I am trying to perform to classify effectiveness of a treatment. Each of the id should contain 4 timeframes.
Dataframe
id | timeframe | distance |
---|---|---|
1 | 1 | 1.1 |
1 | 2 | 1.1 |
1 | 3 | 1.2 |
1 | 4 | 1.1 |
2 | 1 | 1.1 |
2 | 2 | 1.1 |
2 | 4 | 1.1 |
The question is for example id 2 timeframe #3 is missing.
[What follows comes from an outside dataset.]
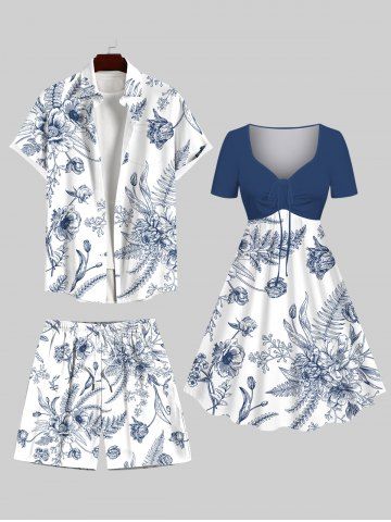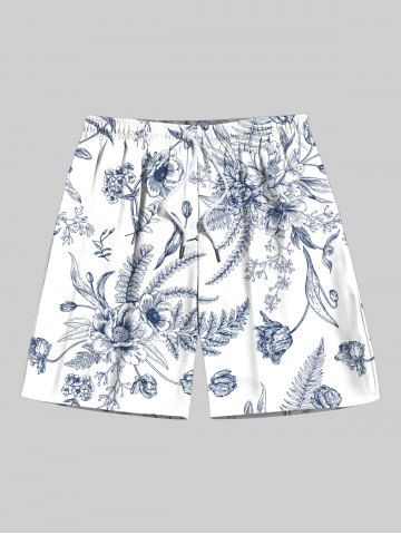 Plus Size Floral Tropical Leaves Print Hawaii Drawstring Beach Shorts For Men - White - 4xl

How to create a new row added in the missing timeframe with the average distance value for all the rows with such issue?
I am getting the 'not all time is the same length' when running - Longitudinal clustering using "longitudinal k-means (KML)"
CodePudding user response:
We can use complete
to create the missing combination and then replace the NA
with the mean
library(dplyr)
library(tidyr)
df1 %>%
mutate(rn = row_number()) %>%
complete(id, timeframe) %>%
mutate(distance = replace(distance, is.na(distance) & is.na(rn),
mean(distance, na.rm = TRUE)))
If the mean
should be calculated within each 'id', then do a group_by
before the mutate
df1 %>%
mutate(rn = row_number()) %>%
complete(id, timeframe) %>%
group_by(id) %>%
mutate(distance = replace(distance, is.na(distance) & is.na(rn),
mean(distance, na.rm = TRUE))) %>%
ungroup